PROBLEM
Output everything in the data exactly, leaving the pictures out.

INFORMATION PROVIDED
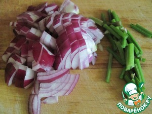 • Лук порезать кубиком. Если у вас есть черешковый сельдерей, то порезать пару черешков. У меня его нет, поэтому я просто порезала стебли.
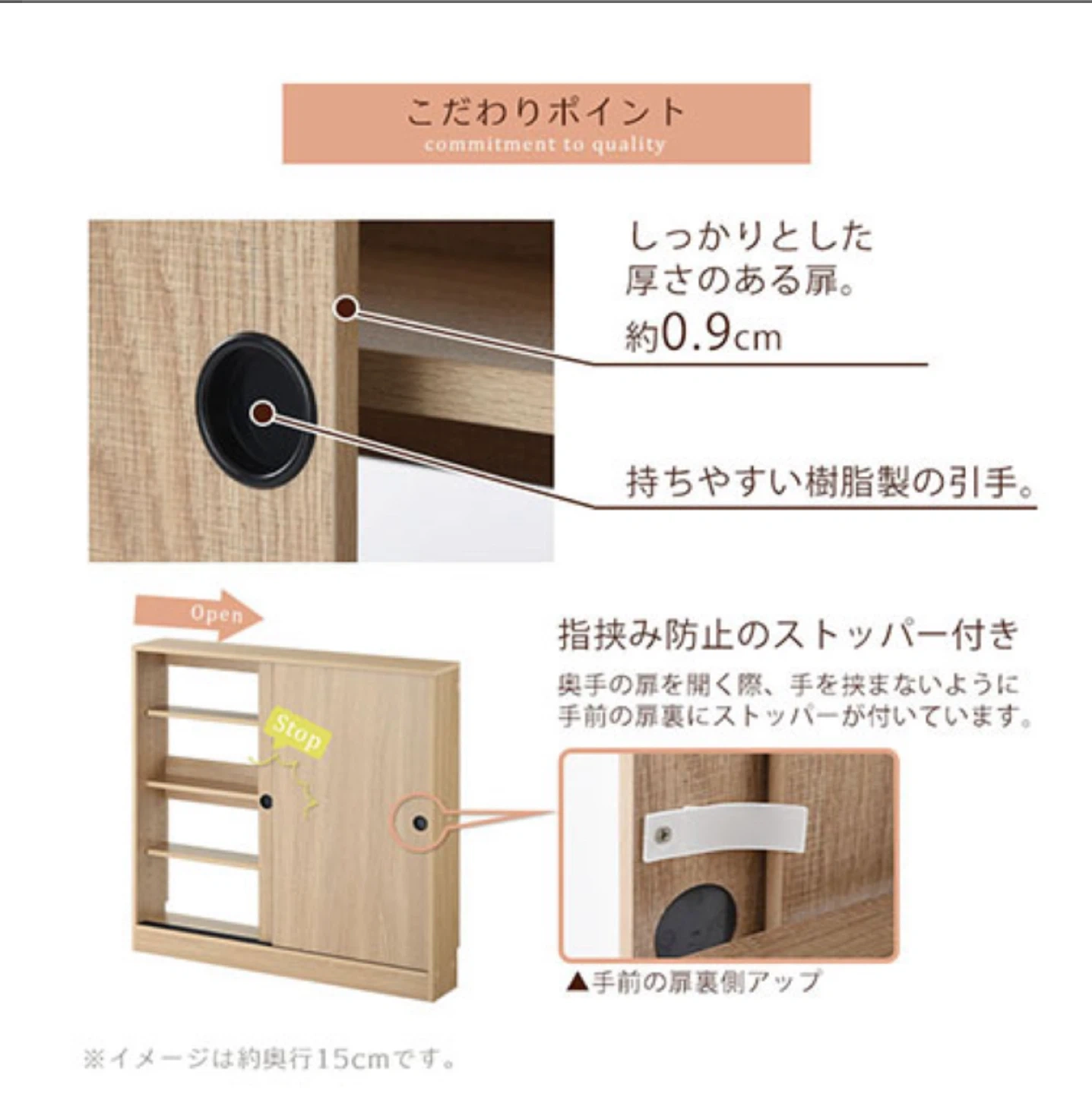 カウンター下などに使えるスリム型のスライド式の収納棚です 写真の2枚目が現物になります。 色 オーク 3年ほど使用しましたが、目立つ傷や汚れはなく問題なく使えています。引越しに伴い出品します。 お引き渡し希望時期 10/20〜24 それ以外に希望日があればご相談ください。 【情報】 奥行き:約20cm 横幅:約90cm 高さ:約85cm 【状態】 目立つキズなし 中古品であることご了承ください
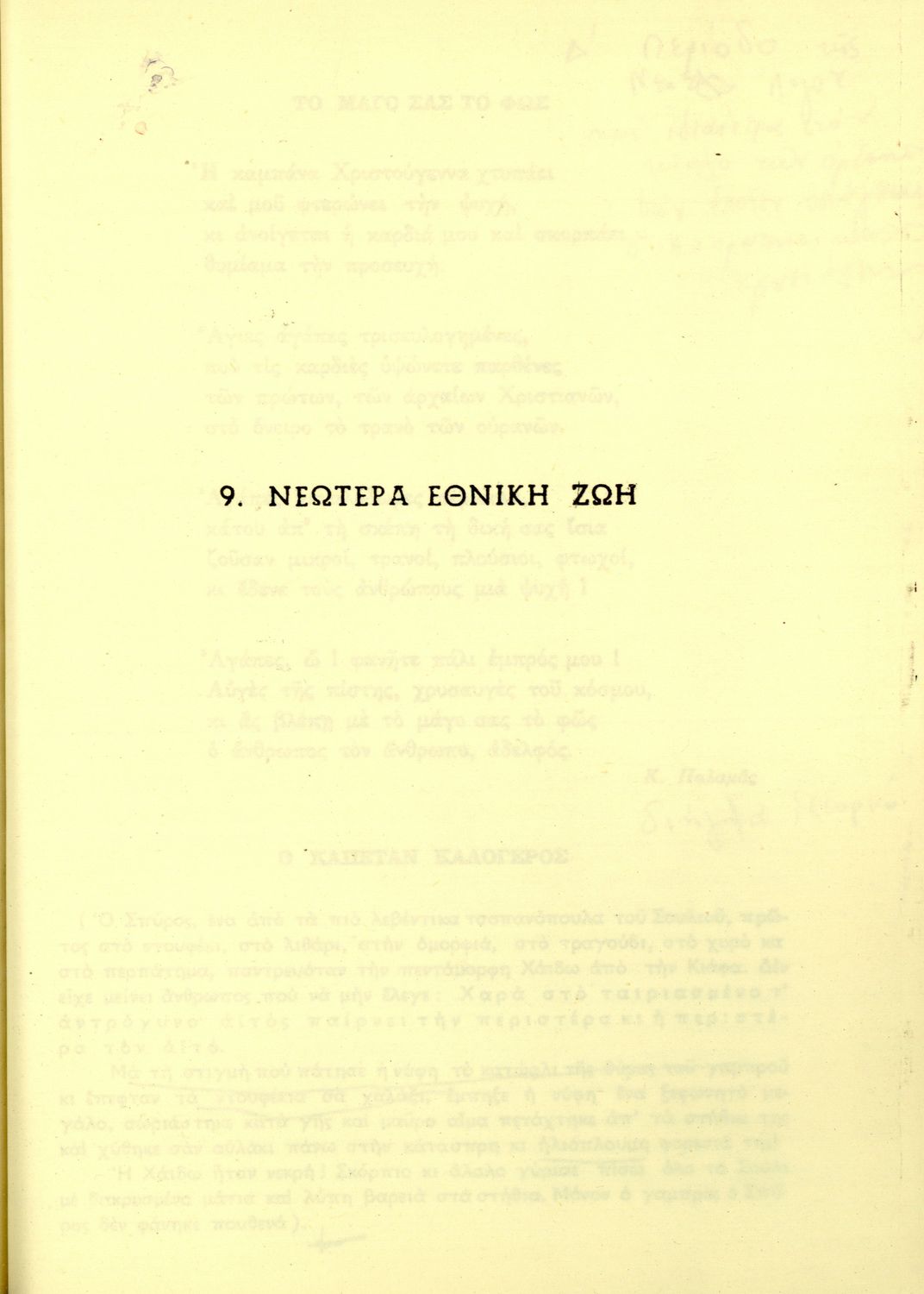Σχολικό εγχειρίδιο Νέων Ελληνικών Γ΄ Γυμνασίου και Α' Αστικού Σχολείου που περιέχει πεζά και ποιήματα Ελλήνων συγγραφέων εμπνευσμένα από τη θρησκευτική και κοινωνική ζωή, την ελληνική μυθολογία, την αρχαία και
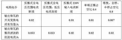 表1 各种开关变换器电路拓扑的整流滤波的纹波电流和开关变换电流

ANSWER SPACE
 • Лук порезать кубиком. Если у вас есть черешковый сельдерей, то порезать пару черешков. У меня его нет, поэтому я просто порезала стебли.
 カウンター下などに使えるスリム型のスライド式の収納棚です 写真の2枚目が現物になります。 色 オーク 3年ほど使用しましたが、目立つ傷や汚れはなく問題なく使えています。引越しに伴い出品します。 お引き渡し希望時期 10/20〜24 それ以外に希望日があればご相談ください。 【情報】 奥行き:約20cm 横幅:約90cm 高さ:約85cm 【状態】 目立つキズなし 中古品であることご了承ください
Σχολικό εγχειρίδιο Νέων Ελληνικών Γ΄ Γυμνασίου και Α' Αστικού Σχολείου που περιέχει πεζά και ποιήματα Ελλήνων συγγραφέων εμπνευσμένα από τη θρησκευτική και κοινωνική ζωή, την ελληνική μυθολογία, την αρχαία και
 表1 各种开关变换器电路拓扑的整流滤波的纹波电流和开关变换电流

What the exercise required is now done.